Data listing:
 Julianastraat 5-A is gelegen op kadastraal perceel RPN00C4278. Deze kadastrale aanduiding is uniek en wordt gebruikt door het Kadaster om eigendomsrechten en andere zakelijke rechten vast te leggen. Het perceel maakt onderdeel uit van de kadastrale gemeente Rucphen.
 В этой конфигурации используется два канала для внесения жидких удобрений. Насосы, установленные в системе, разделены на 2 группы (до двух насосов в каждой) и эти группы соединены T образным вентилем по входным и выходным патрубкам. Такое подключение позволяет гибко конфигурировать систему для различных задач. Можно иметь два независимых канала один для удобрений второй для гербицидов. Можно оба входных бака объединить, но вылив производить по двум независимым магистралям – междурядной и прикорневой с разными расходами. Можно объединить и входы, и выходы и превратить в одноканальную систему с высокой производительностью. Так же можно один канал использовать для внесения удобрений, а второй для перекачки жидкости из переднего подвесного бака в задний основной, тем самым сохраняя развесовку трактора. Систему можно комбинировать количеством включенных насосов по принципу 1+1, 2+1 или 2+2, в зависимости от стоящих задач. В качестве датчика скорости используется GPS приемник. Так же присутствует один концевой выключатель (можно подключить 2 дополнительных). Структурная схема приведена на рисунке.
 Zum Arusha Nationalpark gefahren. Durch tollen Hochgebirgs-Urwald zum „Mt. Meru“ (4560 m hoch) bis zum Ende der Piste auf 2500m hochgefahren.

...

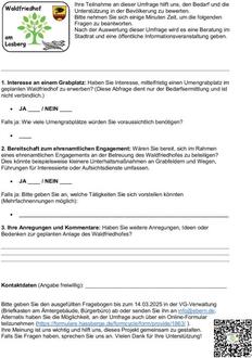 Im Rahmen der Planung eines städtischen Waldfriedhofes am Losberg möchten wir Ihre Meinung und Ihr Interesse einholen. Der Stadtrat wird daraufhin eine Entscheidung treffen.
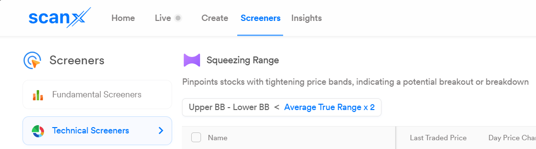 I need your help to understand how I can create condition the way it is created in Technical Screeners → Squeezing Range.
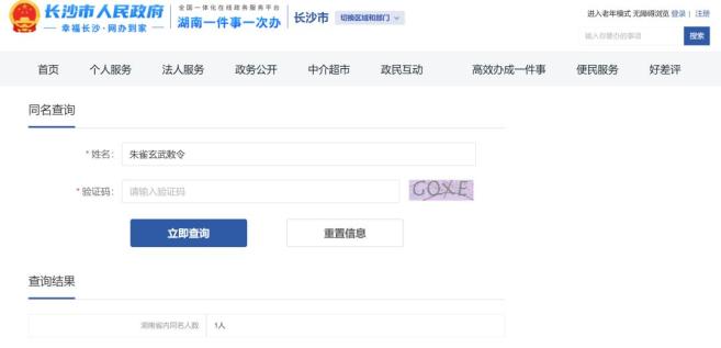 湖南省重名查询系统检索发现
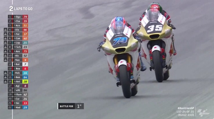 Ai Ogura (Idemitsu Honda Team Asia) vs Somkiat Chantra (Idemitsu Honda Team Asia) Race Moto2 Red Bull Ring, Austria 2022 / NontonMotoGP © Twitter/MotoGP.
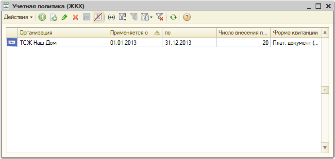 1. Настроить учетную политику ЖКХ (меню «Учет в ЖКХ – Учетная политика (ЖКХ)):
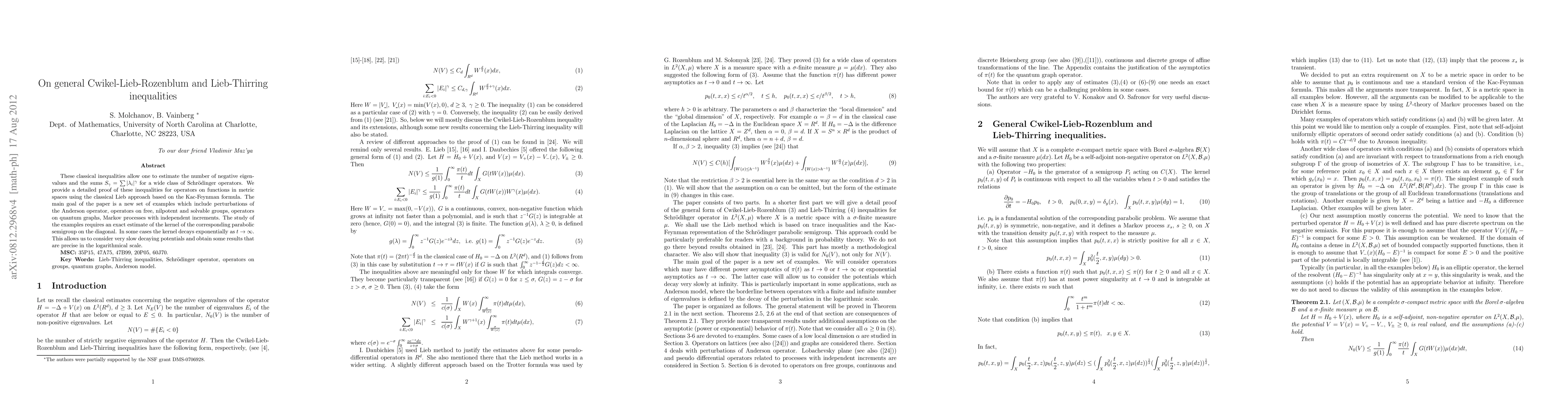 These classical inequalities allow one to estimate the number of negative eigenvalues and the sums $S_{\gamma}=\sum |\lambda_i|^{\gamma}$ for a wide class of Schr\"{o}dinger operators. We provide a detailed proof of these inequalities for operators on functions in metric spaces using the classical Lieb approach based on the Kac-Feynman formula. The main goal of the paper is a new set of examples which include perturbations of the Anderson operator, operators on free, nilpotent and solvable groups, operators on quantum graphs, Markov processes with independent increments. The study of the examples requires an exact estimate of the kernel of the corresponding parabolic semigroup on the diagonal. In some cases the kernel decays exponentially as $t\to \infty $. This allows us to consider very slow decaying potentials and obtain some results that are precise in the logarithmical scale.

--

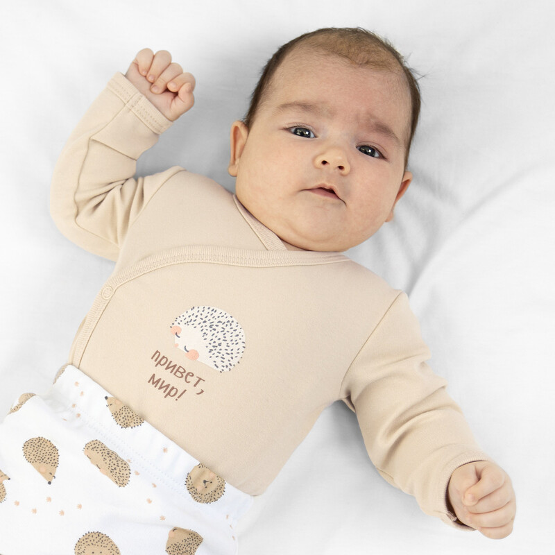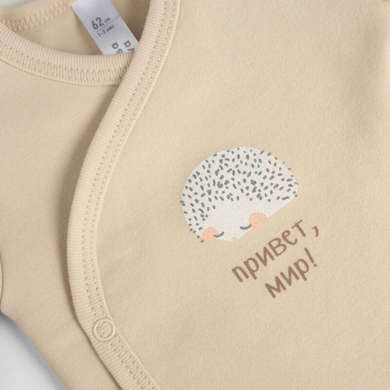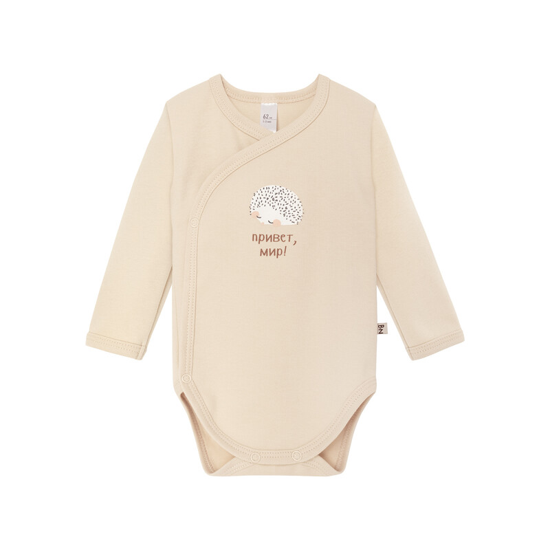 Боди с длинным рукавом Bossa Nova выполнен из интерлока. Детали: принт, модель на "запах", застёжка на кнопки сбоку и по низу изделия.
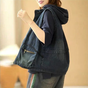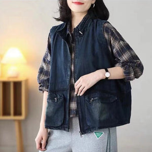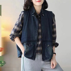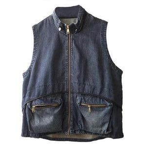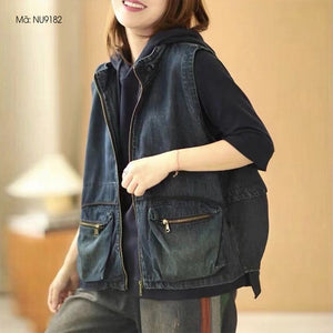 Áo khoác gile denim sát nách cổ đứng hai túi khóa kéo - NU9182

Problem to work on:
Once the line with "1. Настроить учетную" is found above, transcribe each line from it through the line with "These classical inequalities", exactly, and omit the pictures.

Task result:
 1. Настроить учетную политику ЖКХ (меню «Учет в ЖКХ – Учетная политика (ЖКХ)):
 These classical inequalities allow one to estimate the number of negative eigenvalues and the sums $S_{\gamma}=\sum |\lambda_i|^{\gamma}$ for a wide class of Schr\"{o}dinger operators. We provide a detailed proof of these inequalities for operators on functions in metric spaces using the classical Lieb approach based on the Kac-Feynman formula. The main goal of the paper is a new set of examples which include perturbations of the Anderson operator, operators on free, nilpotent and solvable groups, operators on quantum graphs, Markov processes with independent increments. The study of the examples requires an exact estimate of the kernel of the corresponding parabolic semigroup on the diagonal. In some cases the kernel decays exponentially as $t\to \infty $. This allows us to consider very slow decaying potentials and obtain some results that are precise in the logarithmical scale.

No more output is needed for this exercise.